Connectivity Issues
Incident Report for Squarespace
Postmortem

SUMMARY

On Wednesday, April 20, 2016, traffic to Squarespace websites was impacted from 1:14 AM to 7:48 AM Eastern Time (ET). During this time, traffic was still being routed to our data centers but customers and their visitors received an error message (HTTP 504) indicating that service was unavailable. While all Squarespace sites were initially unavailable, a partial restoration of service at 4:31 AM ET restored the home page of all sites, and service was restored incrementally from there.
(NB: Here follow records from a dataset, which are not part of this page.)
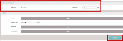 Old revisions Add to book Export to PDF Fold/unfold all Table of Contents How to Use the New Feature "Timed Anti Passback" Expectation effectiveness Major Features Precautions Execution Procedure Step 1. Click DOOR in BioStar 2 Step 2. Click ADD DOOR Step 3. Set the configuration you want to use Step 4. Step 5. After completing Step 4, you can go through the set door (if using BioStar 2 v2.9.7 or lower version) or the set device (if using BioStar 2 v2.9.8 or higher version) only after the set-"Reset Time" has passed. Book Creator Add this page to your book Book Creator Remove this page from your book Manage book (0 page(s)) Help How to Use the New Feature "Timed Anti Passback" Affected Version: BioStar v2.9.5 or above From v.2.9.5 of BioStar 2, the function “Timed Anti Passback (Timed APB)” has been introduced newly. With this new function, the user can set the reset time for anti-passback about the specific door to limit frequent access attempts to that door. With this feature, once the user authenticates on the entry device, the user cannot re-authenticate on the same entry device or the exit device connected with the entry device until the defined “Reset time” has been gone. To use this new feature, there is no need to use the paid-for versions of the BioStar 2 license since this option can be set directly in the configured door in DOOR, not the Anti-passback Zone of ZONE in BioStar 2. Expectation effectiveness This function can be expected to prevent unauthorized people from using the authorized person's authentication method to go through the door without permission. To understand it deeply, please refer to the below example case. Example Case) A case for using the new function “Timed Anti Passback.” Let's say there is two people, person A and Person B, Person A has brought one's card for authentication but Person B has forgotten the card, so Person A enters the door using Person A's card and throughs (passes) the card to person B, when this new feature “Times Anti Passback” was not applied, Person B still could access the door. However, now, due to the specific time set feature “Reset Time,” the unauthorized person can no longer enter the door using the same Person A's card until the card used passes the defined “Reset Time”. Major Features 1. Under BioStar 2 v2.9.7 or lower version, this new function can be applied to the door that consists of either “the Entry device only” or “the Entry device + the Exit device”. However, from BioStar 2 v2.9.8 or higher version, this new function can be applied to the device itself, such as “the Entry device” “the exit device” or “the Entry device + the Exit device”, NOT the door. 2. The “Timed Anti Passback” event code is supported in Event Log of Monitoring in BioStar 2. 3. Under BioStar 2 v2.9.7 or lower version, unlike the Anti-passback inside of the “Zone” menu,“Timed Anti Passback” DOES NOT support the “Bypass Group” function. Example) Bypass Group function of Anti-passback in ZONE However, from BioStar 2 v2.9.8 or higher version, “Timed Anti PassBack” function also supports the “Bypass Group” function. 4. The input unit is in minutes (min.), with a default setting of 10 minutes. Users can input a time between 0 and 60 minutes. Precautions 1. You cannot use this new function at the same time as the existing “Anti-passback” function. So, you must be careful about the 2 exceptional cases below when using the “Timed Antipass Back” function. Case 1. A case where you already use “anti-passback” in ZONE If you try to set the “Timed Anti Passback” after configuring the Anti-passback zone, you will see the error popup below. On the contrary, when you try configuring the Anti-passback zone after already setting the “Timed Anti Passback,” you will also see the error popup below. Case 2. In case you want to set “anti-passback” in DOOR If Soft APB or Hard APB in Anti PassBack, the option “Timed APB” will be automatically deactivated. Timed Anti Passback CAN NOT BE USED WITH Anti PassBack Soft APB or Hard APB. 2. Supports the Alarm Function If using BioStar 2 v2.9.7 or lower version: The alarm function Does Not support “Timed Anti Passback” yet but only supports “Anti PassBack” in the configured door. If using BioStar 2 v2.9.8 or higher version: The alarm function supports both “Timed Anti Passback” and “Anti PassBack” for the configured door. 3. If the door is set up with a wireless door lock, “Timed Anti Passback” CAN NOT be used. 4. “Timed Anti PassBack” and “Use sensor when Entry Confirmed APB” enabled features cannot be used simultaneously. Execution Procedure Step 1. Click DOOR in BioStar 2 Step 2. Click ADD DOOR Step 3. Set the configuration you want to use You can select the “Entry device only” or the “Entry device + Exit device” depending on your environment. Step 4. If using BioStar 2 v2.9.7 or lower version : Enable “Timed APB” and set the applicable “Reset Time” in Timed Anti PassBack. After completing it, click Apply. After completing it, if you want set “Bypass Group”, select some specific access groups in “Bypass Group” And then, if you want to set the Alarm for “Timed Anti PassBack”, configure the alarm by clicking the Add button. If completing all settings, click Apply. Step 5. After completing Step 4, you can go through the set door (if using BioStar 2 v2.9.7 or lower version) or the set device (if using BioStar 2 v2.9.8 or higher version) only after the set-"Reset Time" has passed. For example, if you set the “Reset Time” to 1 minute, you can go through the set door 1 minute only after you have passed. If you want to disable the set “Timed Anti PassBack”, please follow the below guide per the BioStar 2 version used. 1) If using BioStar 2 v2.9.7 or lower version, : Disable “Timed APB” and click Apply. 2) If using BioStar 2 v2.9.8 or higher version, : Select “No device” a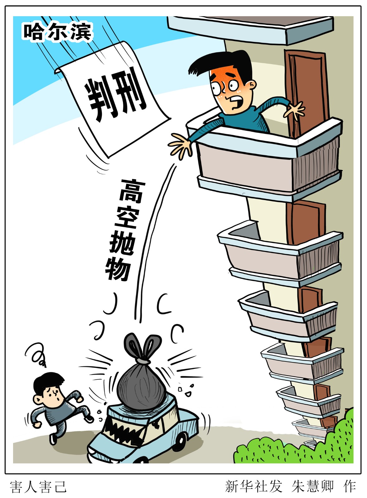 從高層建筑物向下拋擲物品,不僅是民事違法行為,還可能構(gòu)成刑事犯罪。5月20日,哈爾濱市道外區(qū)人民法院公開宣判一起高空拋物罪案件,被告人于某某犯高空拋物罪,被判處有期徒刑六個月,緩刑一年。
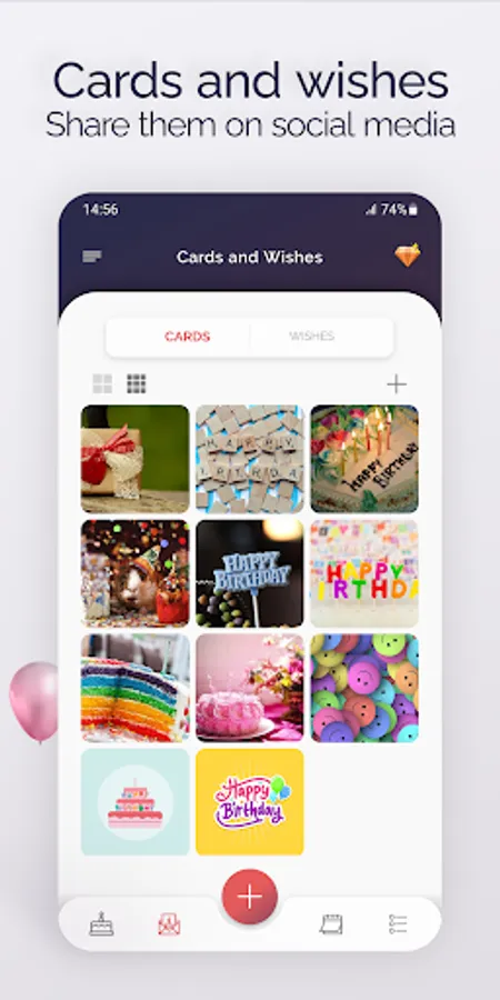 💌 Send Cards and Wishes: Birthday Reminder & Calendar comes with pre-made templates that you can use to send birthday wishes and cards through Facebook, WhatsApp, and other social media platforms. You can even save cards and wishes to the app and easily send them to multiple people. This feature makes it easy to stay connected with your loved ones, even if you can't be there in person.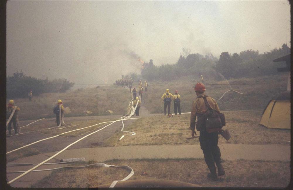 Firefighters provide structural protection to commercial buildings during the Bircher fire, Mesa Verde National Park, July 2000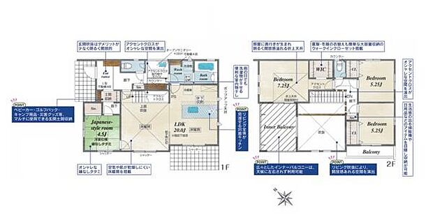 | 間取り | 4LDK 間取り内訳:リビングダイニングキッチン 20帖(1階)・和室 4.5畳(1階)・洋室 7.2帖(2階)・洋室 5.2帖(2階)・洋室 5.2帖(2階) |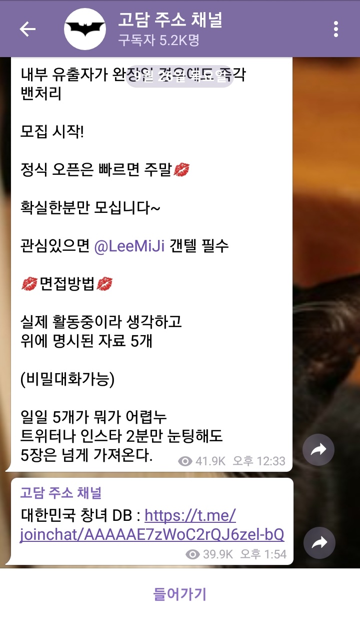 남혜리 Hyeri Nam On Twitter Rt 텔레그램 단톡방 성착취 기사를 읽고 관련 키워드로 검색해봤습니다 여전히 관련 채널이 남아있음을 확인할 수 있었습니다 맨 위에거 Https T Co Ba5uhppp1c 채널에 입장하지 않아도 우측상단 점 세개를 눌러 신고 가능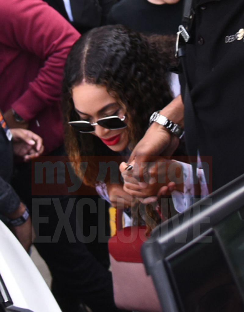 Meanwhile, we spotted her arriving in the city amidst heavy security rocking a long curly weave and a pink handbag.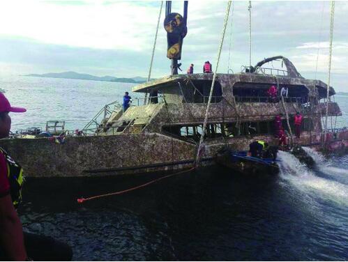 11月17日,泰国普吉倾覆沉没的“凤凰”号游船被打捞出水。(新华社)
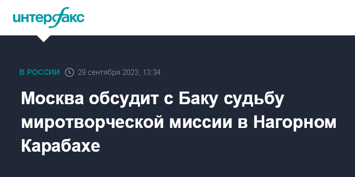 Москва. 29 сентября. INTERFAX.RU - В Кремле заявили, что дальнейшая судьба российского миротворческого контингента в Нагорном Карабахе будет предметом обсуждений с Баку.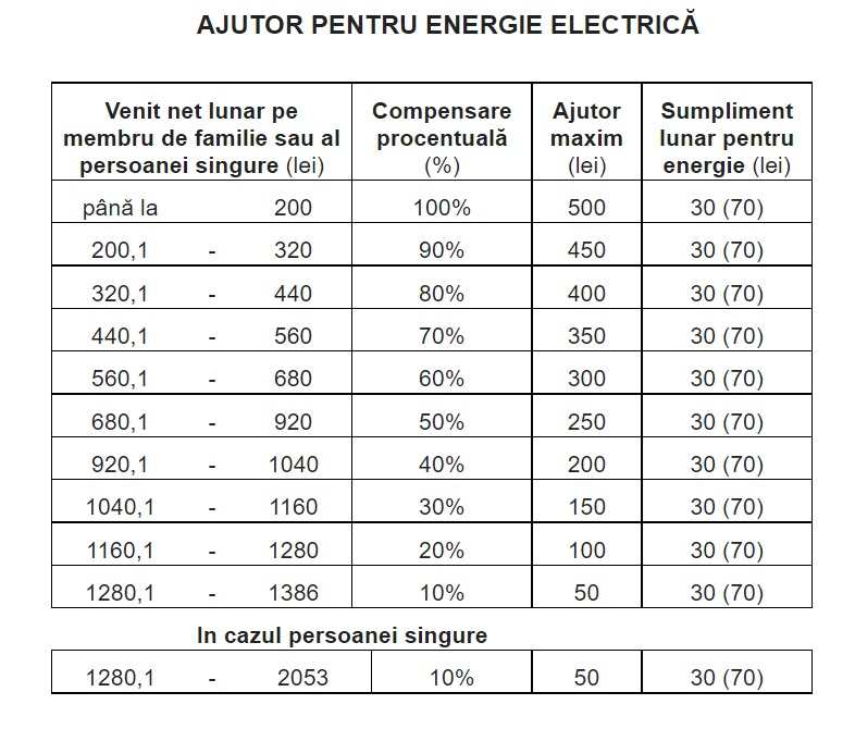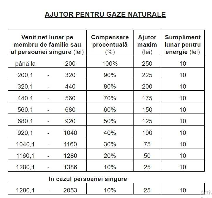 Ajutoarele care se acordă pentru gaze naturale, energie electrică şi combustibili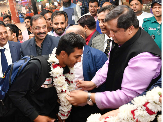 জাতীয় বীরদের বরণ করে নেয়ার সময় ক্রীড়া প্রতিমন্ত্রী বলেন,‘ আমাদের দেশের খেলাধুলার ইতিহাসে এটি সেরা অর্জন। ছেলেরা যে অর্জন বয়ে নিয়ে এনেছে তা নিয়ে আমরা গর্বিত। তারা গোটা জাতিকে গৌরবান্বিত করেছে। আশা করি দলটি দেশের জন্য আরো সফলতা বইয়ে আনবে।’
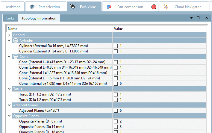 The depiction of the individual topology [Topology] features in part comparison [Part comparison] and part view [Part view] can be adjusted.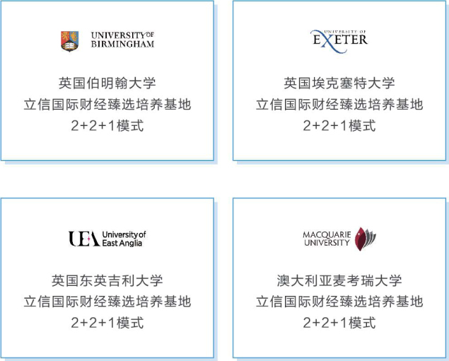 学生在立信国际财经完成2~3年的课程后,申请进入海外大学,通过最后1~2年本科课程学习,符合要求,获得学士学位,第五年可申请攻读茗校硕士。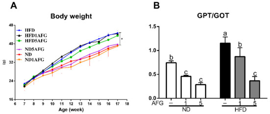 Body weight and index of liver injury. (A) The changes in body weight of mice fed with different diets from 7 to 18 weeks. Results are expressed as the mean ± SD for each group of mice (n = 4). The asterisk indicates a significant difference in weight at 18 weeks (p < 0.05). HFD: high-fat diet, HFD1AFG: HFD plus 1% AFG, HFD5AFG: HFD plus 5% AFG, ND: normal diet, ND1AFG: ND plus 1% AFG, ND5AFG: ND plus 5% AFG. (B) The ratio of serum GPT/GOT. The data represent the mean ± SD of four mice. The different letter indicates a significant difference at p < 0.05.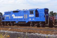 Previous Next Photo By John Pari Former RDG 635 is seen in storage at Rutherford, PA on 10/3/1982 with fairly new paint. Year 1982 Original Date 10/3/82 Location Rutherford PA Equipment Type EMD GP9 Conrail Number 5837 Additional Galleries John Pari's Conrail Locomotives Collection CRHS Conrail Photo Archive Contributions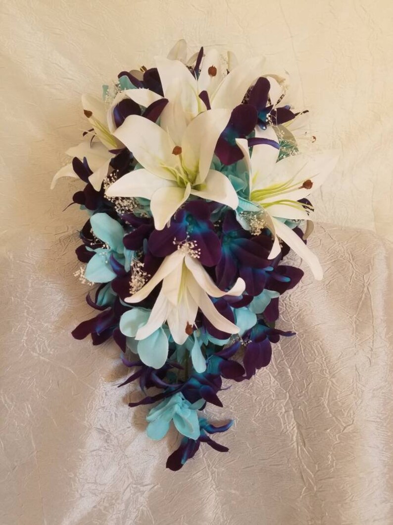 Blue Orchid cascading teardrop wedding bouquet with white Casablanca Casablanca Lilies And Orchids The flower is pure white with white. the article covers various topics, including the ideal growing conditions for casa blanca lilies, watering and soil requirements, pest and disease control. the casablanca lily is a stunning flower known for its large, fragrant white blooms. Its blooms start from mid summer to the late summer and possess unique features. Native. Casablanca Lilies And Orchids.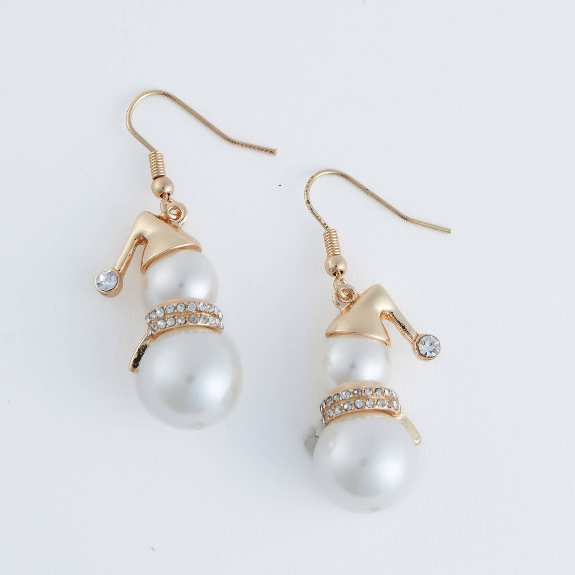 Holiday Christmas Snowman Pearl Gold Drop Earrings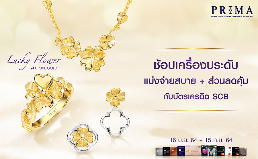 รายละเอียดโปรโมชั่น :บัตรเครดิต SCB ซื้อเครื่องประดับทั้งชำระเต็มจำนวน หรือแบ่งจ่าย 0% + รับส่วนลดคุ้มสูงสุด 5% ที่ร้านพรีม่า ทุกสาขา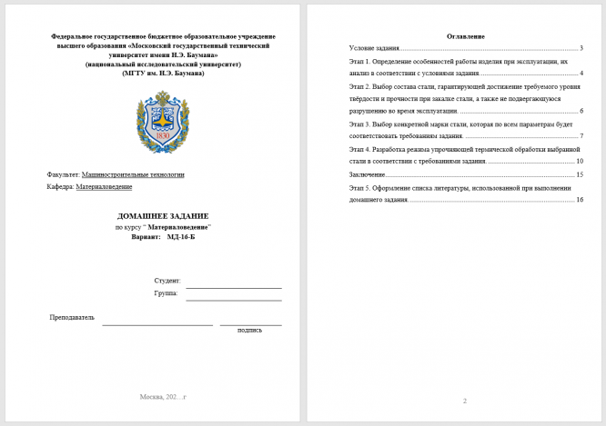ДЗ МД: Выбор материала и технологии термической обработки вариант 16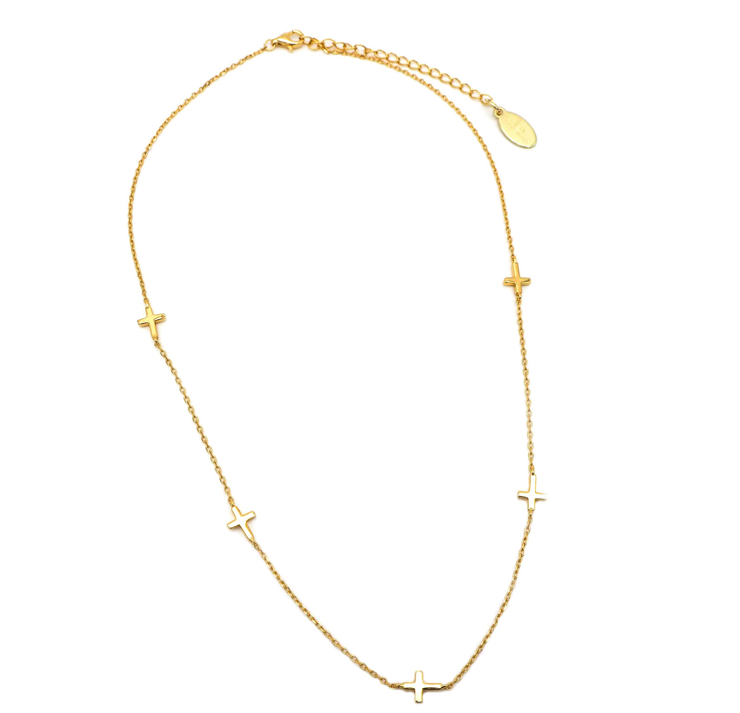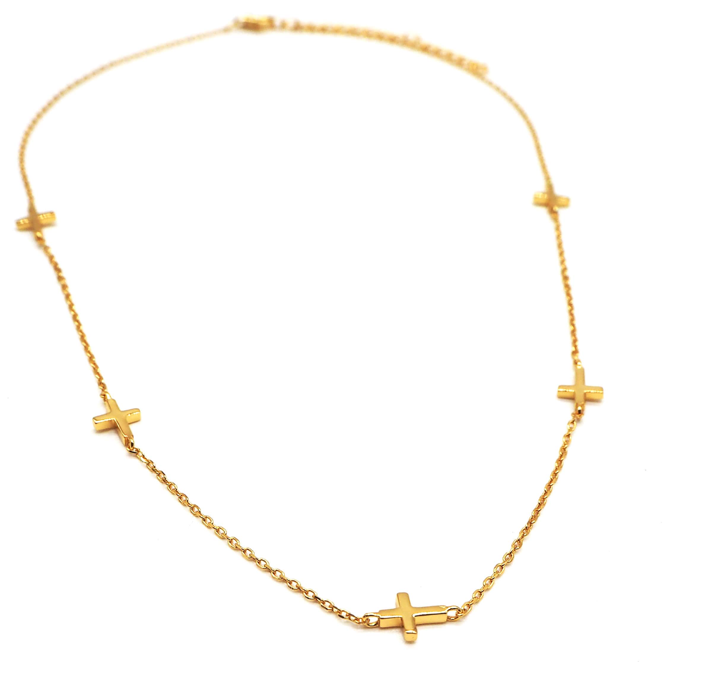 • Collar en plata 925 bañado en oro con cinco cruces.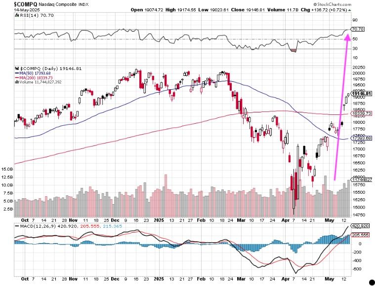 The Nasdaq Composite? We're already there based on its relative strength index (RSI) level of 70.70 with last night’s market close.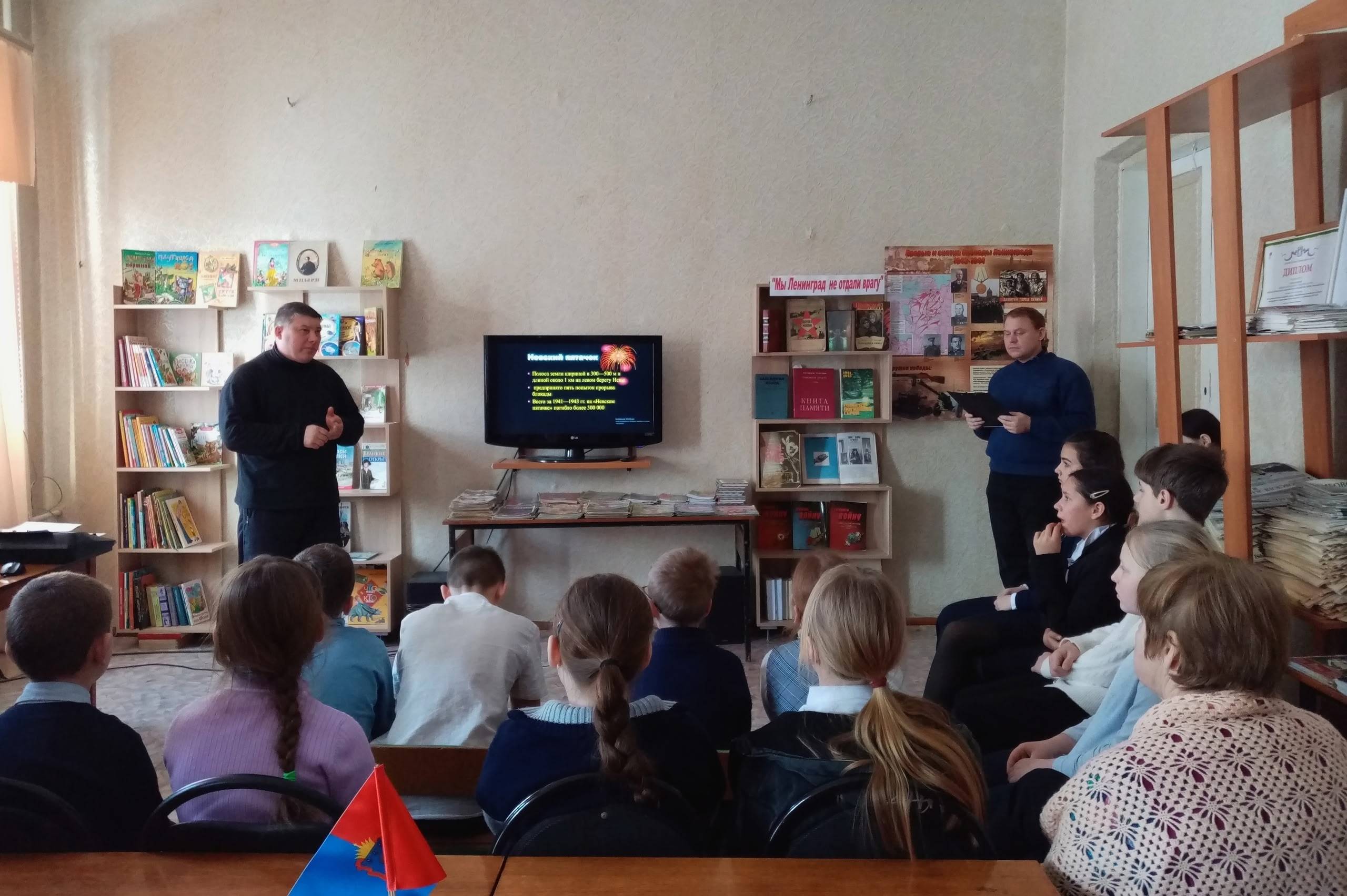 Ежегодно 27 января отмечается День воинской славы России – День полного снятия блокады Ленинграда , которая стала одной из самых трагических страниц в истории нашей страны.В библиотеке прошёл историко-патриотический час “Мы Ленинград не отдали врагу”.

We sincerely apologize to our customers and their visitors for this very serious outage. We pride ourselves on being fast, responsive, and reliable. At this time, we fully understand the root cause of this issue and have resolved the problem.

TIMELINE AND ROOT CAUSE

When our systems were impacted at 1:14 AM ET on Wednesday, April 20, 2016, our monitoring system alerted our engineers, who responded immediately. Our initial investigation revealed that the cluster of software that serves web pages was offline. Further investigation revealed that until the moment our service stopped, every subsystem was operating within normal levels and externally measured response time was also normal. Basic attempts to reboot these nodes resulted in immediate failure. This was an unprecedented situation for us -- servers immediately exiting within a minute of startup, with no clear logging indicating what was the root cause. The performance of all systems were fine up until that event, and there were no code deploys within hours of the event. Our teams began searching for forensic evidence to explain the problem while pursuing a solution for partial restoration of service.

At 3:42 AM ET, we concluded that traffic to a particular website or traffic from a particular group of visitors was causing the issue. We successfully made a change in our web application firewall to block traffic to all URL patterns except to the root (home) page for all sites. We ruled out a problem from any visitors and knew it must be a particular URL pattern triggering a bug in our code. By 4:31 AM ET, the home pages of all Squarespace websites were loading properly.

For the next two hours, we methodically searched for the problematic URL pattern by replaying the requests found in our access logs against a subset of the servers in our web cluster. Our engineers continuously updated our web application firewall to allow more traffic to enter our systems. By 6:23 AM ET, we were successfully serving traffic at 95% of our normal level. At 7:48 AM ET, we identified and isolated the problematic URLs and all systems were back to normal.

Upon further investigation of the problematic URL, a certain data payload existing on a single high-traffic site was triggering an unexplored code path within our system. Whenever one of the servers in our web cluster received a request for that site, memory consumption would skyrocket immediately and the operating system would kill the underlying process. This event happened so quickly that no logging of the offending URL occurred, and the crash reports from the affected servers became corrupted, severely impeding our ability to determine the trigger for this issue.

Our engineering team has repaired the code defect that caused this issue. After thorough testing, we deployed the fix and removed the filters blocking the problematic URLs. In order to avoid a future problem of this nature, we’re adding additional checks and fail-safes to the affected code paths. Other efforts are underway to make these types of issues much faster to identify in the future.

A FINAL WORD

We take all outages very seriously and we are always working to improve our service’s reliability and uptime. Like many of our customers, we rely on Squarespace for our own business and livelihoods. This event was an especially difficult one for us, as we fell short of the high standards we set for ourselves and our service.

We hope that by being transparent around the causes, conclusions, and learnings from incidents such as this one, we can continue to build trust with our customers and offer reassurance that the reliability of all Squarespace products remains our number one priority.

Sincerely,
John Colton
Squarespace
VP Engineering

Posted Apr 22, 2016 - 17:37 EDT

Resolved
Systems are back to normal. We will post more detailed information at a later date.
Posted Apr 20, 2016 - 07:53 EDT
Update
We are now serving 95% of our normal traffic levels. The issue remains constrained to specific URLs, and does not affect generalized site traffic.
Posted Apr 20, 2016 - 06:33 EDT
Identified
Service has been restored to 88% of normal traffic levels, with the remaining affected traffic being at isolated URLs. We continue to work aggressively to restore access to 100% and will post a more detailed update at a later date. Thanks for your patience.
Posted Apr 20, 2016 - 06:23 EDT
Update
We are incrementally restoring access to sites.
Posted Apr 20, 2016 - 04:45 EDT
Update
Our team continues to pursue the root cause of this outage. Thanks for your patience.
Posted Apr 20, 2016 - 04:17 EDT
Update
All sites are down. Our team is actively engaged in determining the cause.
Posted Apr 20, 2016 - 03:31 EDT
Update
Our team continues to pursue the root cause of this outage. Thanks for your patience.
Posted Apr 20, 2016 - 02:13 EDT
Update
All sites are down. Our team is actively engaged in determining the cause.
Posted Apr 20, 2016 - 01:35 EDT
Investigating
We are investigating a general site access issue.
Posted Apr 20, 2016 - 01:22 EDT